Ingredients:
- 1/2 cup Kewpie Mayonnaise
- 1/4 cup Thai Sweet Chili Sauce
- 2 tbsp Sriracha
- 1 tsp Rice Vinegar
- 1/2 tsp Toasted Sesame Oil
- 4 cups Cooked Jasmine Rice, chilled
- 1 lb Chicken Breast, cubed
- 3 tbsp Grapeseed oil
- 3 Large Eggs, beaten
- 1 cup Frozen Peas and Carrots, thawed
- 3 cloves Garlic, minced
- 1 tsp Fresh Ginger, grated
- 2 tbsp Low-Sodium Soy Sauce
- 3 Green Onions, sliced
Instructions:
- Whisk the 1/2 cup Kewpie Mayonnaise, 1/4 cup Thai Sweet Chili Sauce, 2 tbsp Sriracha, 1 tsp Rice Vinegar, and 1/2 tsp Toasted Sesame Oil in a small bowl.
- Heat 1 tbsp of grapeseed oil in your wok over high heat until a drop of water flicked onto the surface dances and evaporates instantly. Add the 1 lb of cubed chicken. Brown for 5-6 minutes until a deep golden crust forms. Remove chicken and set aside.
- Wipe the wok if needed, add 1 tbsp oil, and toss in the 1 cup thawed peas and carrots. Sauté for 2 minutes until the carrots are tender crisp. Push them to the side and add the 3 cloves minced garlic and 1 tsp grated ginger. Fry for 30 seconds until the fragrance fills the room.
- Push the vegetables to the edge. Pour the 3 beaten eggs into the center. Let them set for 15 seconds, then gently fold until soft ribbons form. Don't overcook them; they should still look slightly wet.

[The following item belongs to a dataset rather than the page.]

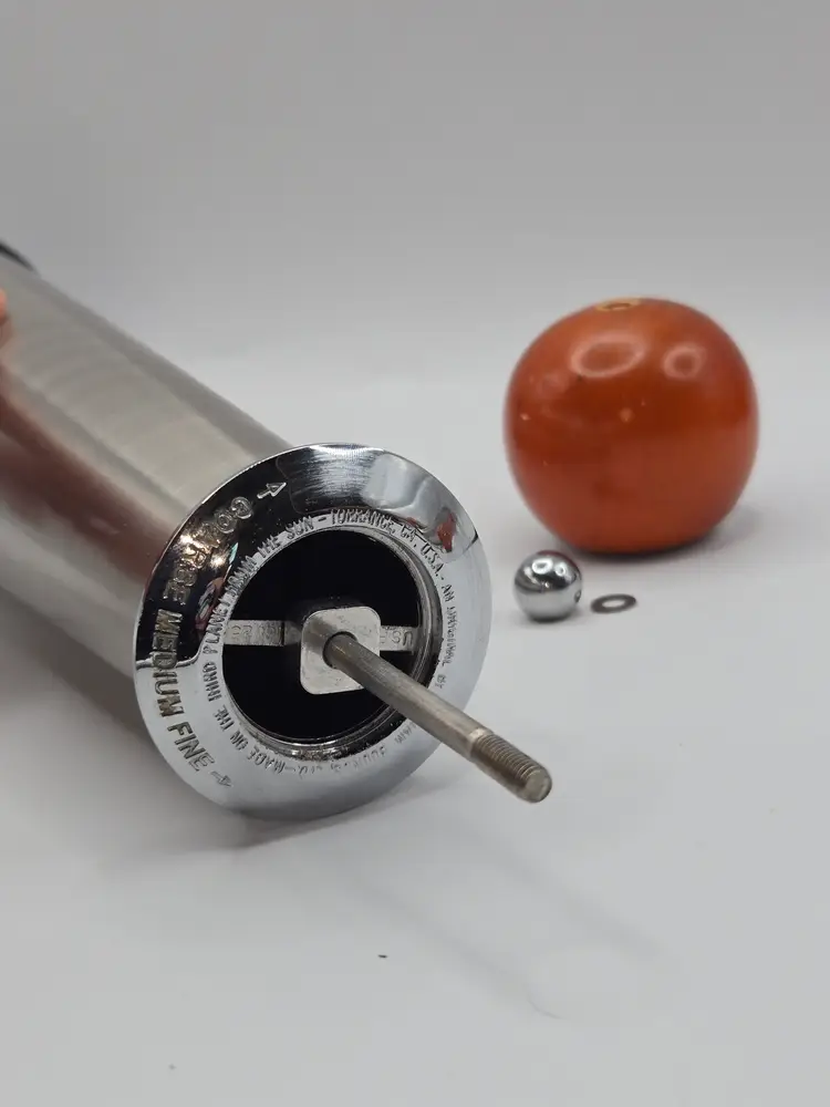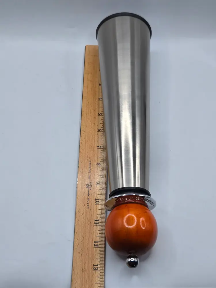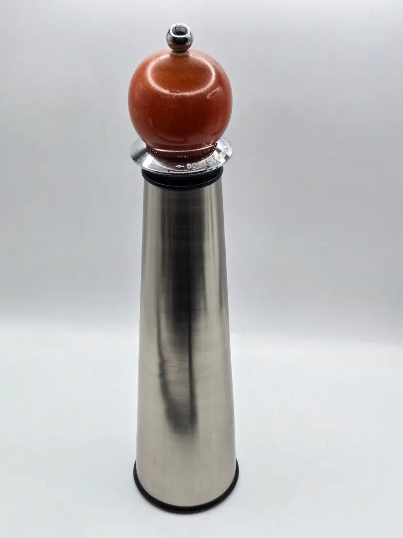 William Bounds Wooden Ball 12-1/2" Torch Pepper Mill • 3 Setting Grind • USA Retail $50.00+ Approx 12.5" H X 3" at base Very good age appropriate condition. Everything moves and cranks as designed. Had not been polished. No chips, cracks, or breaks. Areas of minimal wear are possible due to age, handling, and storage. See pictures.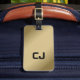 Einfacher eleganter kundengerechter Gepäckumbauentwurf mit IMITAT-Goldhintergrund und Ihrem Monogramm.

- Add the final 1 tbsp of oil and the 4 cups of chilled jasmine rice. Increase heat to maximum. Use your spatula to break up any clumps. Fry for 4-5 minutes until the grains begin to jump and pop in the pan.
- Pour the 2 tbsp of soy sauce over the rice, stirring constantly. The soy sauce should sizzle and evaporate almost immediately, seasoning every grain.
- Return the chicken to the pan. Turn the heat to medium low and pour in the Bang Bang sauce. Toss everything for 1 minute until the rice is velvety and glowing orange.
- Fold in the sliced green onions. Remove from heat immediately until the onions are just wilted but still bright green.